目の前のレアに視線を戻した。苦笑いがこぼれた。
「ごめんね。誰かさん、やりかねないからさ」
「言い訳をするようですが、私もはっきり目撃したわけではないので何とも言えません。具体的な証拠もなく彼を責め立てるのは些か早計だと思います。確かに、連絡したときは焦っていたので、憶測でものを言ってしまいました。私自身、彼ならやりかねないと思っていましたし、苦しむアンネリさんの横で無表情で立ち尽くし、見下ろしていたら誰でも彼が、と思ってしまいます」
その疑わしい人は、もしその疑いが晴れたとしても、痛みにもだえる人間を目の前にして何もしないという行為について咎められても仕方ないはずだ。ぼんやり見ているほかにやるべきことがあるとは思わないのだろうか。
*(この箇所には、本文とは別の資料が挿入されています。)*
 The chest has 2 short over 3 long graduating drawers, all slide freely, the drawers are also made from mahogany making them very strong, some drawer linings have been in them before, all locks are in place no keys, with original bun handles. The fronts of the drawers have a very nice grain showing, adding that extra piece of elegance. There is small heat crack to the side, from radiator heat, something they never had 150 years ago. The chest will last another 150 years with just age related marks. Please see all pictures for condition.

急な出来事に自分を見失なったのではない。きっと日頃の仕返しのつもりで見捨てたのだろう。
「わかった。ありがとう。俺はまたマテーウス記念治療院へ行くよ。二人の様子が気になる。それに今回は事件になるかもしれない。酷なことになるけど、アンネリの意識が戻ったら聞かなきゃいけないかもしれない」
「今回は本当にすみませんでした。助かる見込みがないなどと言ってしまったことも重ねて。できる限りの協力は致します」
レアは深々と頭を下げた。救助をあきらめてしまったことへ怒りたいところだが、治す術のないレアにとってはそれがその場でできる最善の手段だったのだろう。それにあきらめる前に彼女の施した治癒魔法のおかげで俺たちの到着が間に合えたかもしれない。
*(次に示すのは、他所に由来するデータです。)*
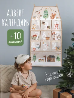 Детский тканевый новогодний адвент календарь с кармашками
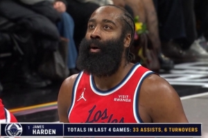 稳健控场!哈登过去4场送出33助攻有6失误 助失比5.5:1
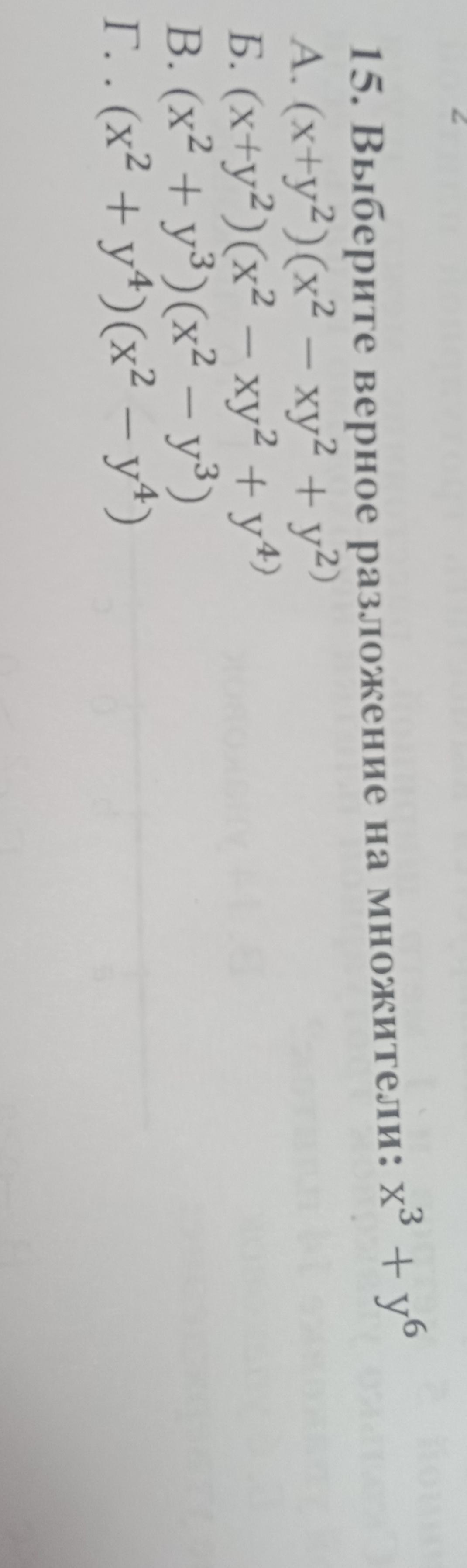 Б) (х+y2)(x2-xy2+y2)=x3 -x2y2 +xy4 +x2y2 -xy4 +y6 = x3 +y6

「俺はまた後で戻ってくるよ。また待機しててもらってもいい?」
「みんなにも伝えておきます。私は事務処理を行っています。色々準備して待っています」
俺は椅子から立ち上がると、今度は小さく一礼して職業会館のカウンター裏へ去っていく彼女を見送った。それから俺はストスリアへ戻るべく、ポータルを開こうとした。するとカミュが俺を呼び止め、すぐそばへ駆け寄ってきた。
「私もアンネリの様子を見たいのですが」
本当のところ、あまりカミュを連れていきたくはない。これからアンネリから話を聞きださなければいけないからだ。ほとんど事情聴取みたいなものだ。心配で様子を見に来た人の前で事件の話を聞くのは、どことなく抵抗を感じる。
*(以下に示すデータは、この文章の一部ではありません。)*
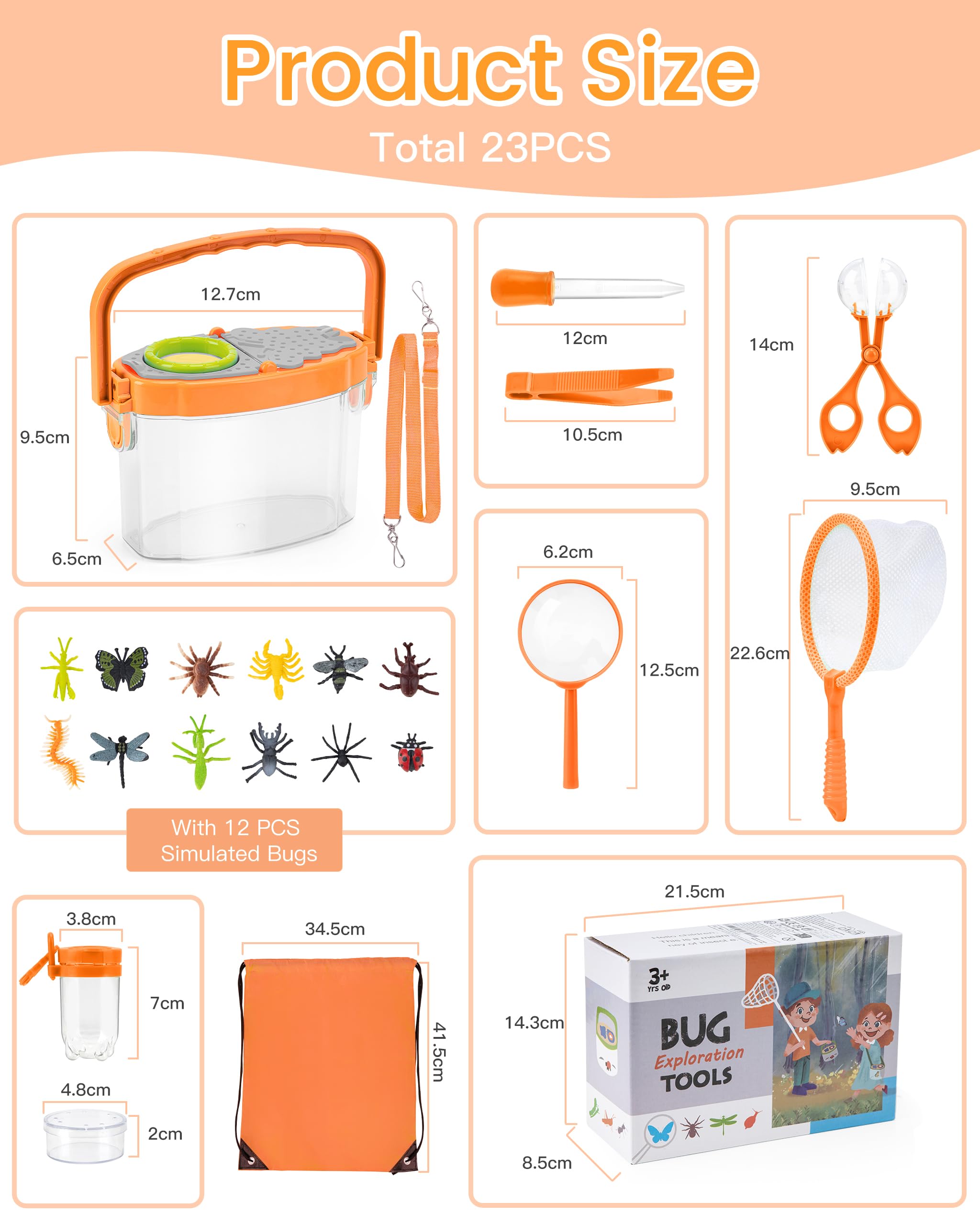 - Complete 23 PCS Bug Catching Set Contains 7 tools including magnifying function insect containers, insect clips, butterfly nets, suction cups and 12 pcs of imitation insects, as well as other accessories, a total of 23pcs

「あぁ、ごめん。二人ともだいぶくたびれてるから、あんまりドヤドヤ大人数で行くのはかわいそうなんだよね」
表向きはそういうことにしておこう。カミュは顔をしかめてしまった。
「そうですか……」
「少し落ち着いたら、個人的にいくようにしたほうがいいと思うよ」
と伝え、残念そうしているカミュと別れることにした。彼女も心配で仕方ないのだろう。そんな顔を見ていると、嘘ではないがまるで嘘をついているような気になってしまい、俺は目を合わさずにそそくさとポータルを開いた。見送る彼女を背中に、ポータルを抜けてストスリアの町の治療施設へ再び戻った。